Antonio: You're the first person to ask! That's wonderful, because we put a lot of work into all the details in the movie. That actually is inspired by the Annie Hall typeface. We have a [graphic] designer -- he kind of took that and then redesigned it for her name... It is a modern story, right, to have her be the protagonist. But at the same time it does feel that it's happening in a different decade because a lot of the clothes that she's wearing she's had for many years. A lot of places she visits have been the same structures for many years.
NFF: Antonio, I can't let you go without asking you about the hat you were wearing at the screening of Dina at NextFest. That was quite a hat.
Antonio: [Laughs]. I wore a red hat through Mala Mala [Santini and Sickles' previous documentary] when we were shooting it and this time I didn't have one. You know the diner in the movie when Scott's running to work and there's a giant milkshake? That's their favorite diner and we went right before NextFest and they give out hats and I just kept it in memory -- in tribute.

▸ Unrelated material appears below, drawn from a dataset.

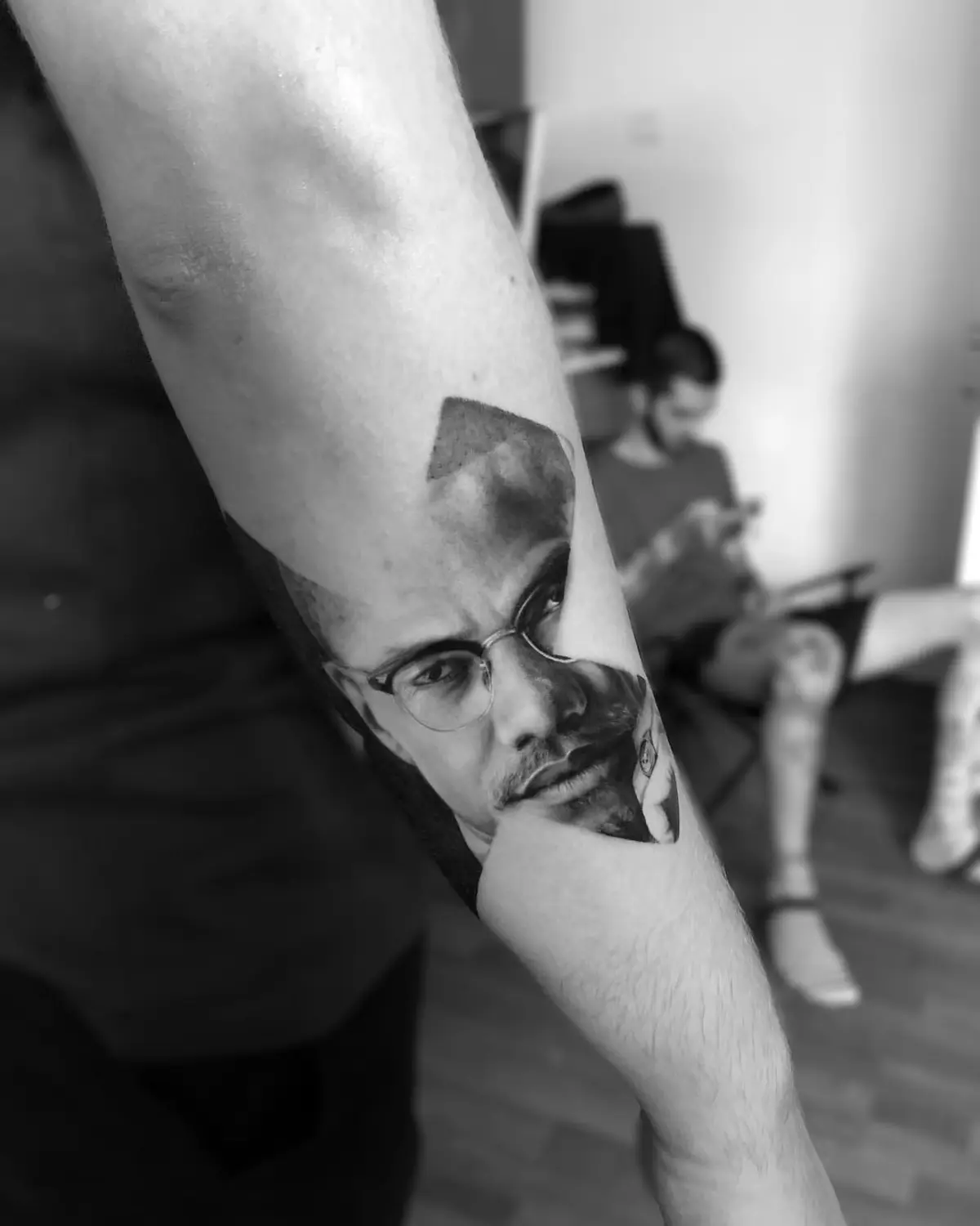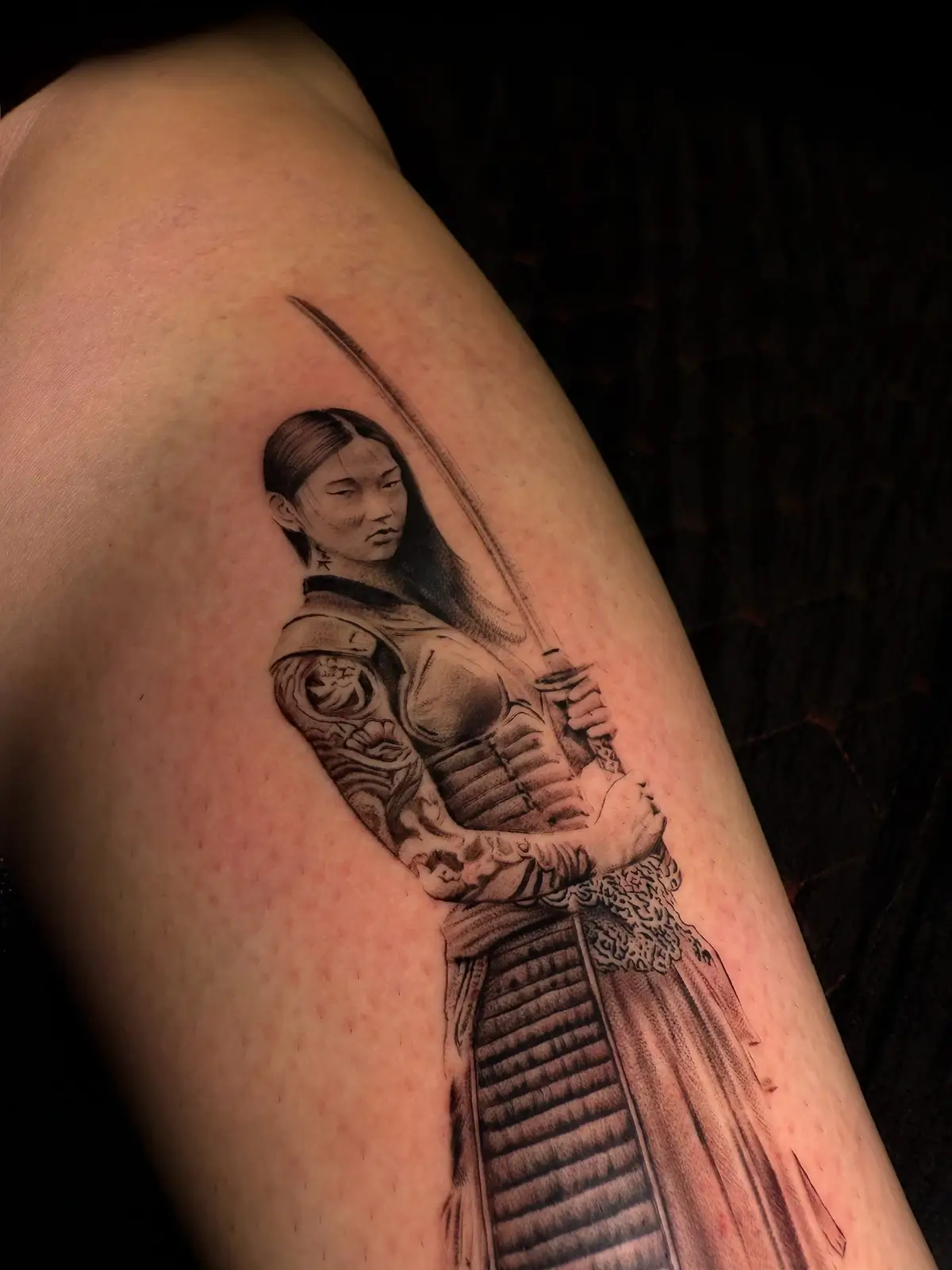 His work today reflects that same restraint. Black and grey minimal realism stripped of anything extra. Early in his career he leaned into heavier contrast and louder design choices, but time changed his instincts. He learned that removing what doesn’t serve the piece makes the emotion easier to feel. In his hands, minimalism is not about doing less. It is about revealing more.

NFF: There's kind of an unseen character in the film. And, Dan, that's your late father who was so important in Dina's life too. What do you think his reaction might be to you doing this film?
Dan: That's a hard question. I don't know that I'm going to answer it. My dad and I -- it's like any father-son relationship, it was complicated. The specter hanging over the film is Dina and I grappling with what it means that he's not around anymore, what that void feels like and looks like in each of our lives. I'd like to think he's proud. I know that he would be telling everybody about it.
Matthew Carey is a documentary filmmaker and journalist. His work has appeared on CNN, CNN.com, TheWrap.com, NBCNews.com and Documentary.org.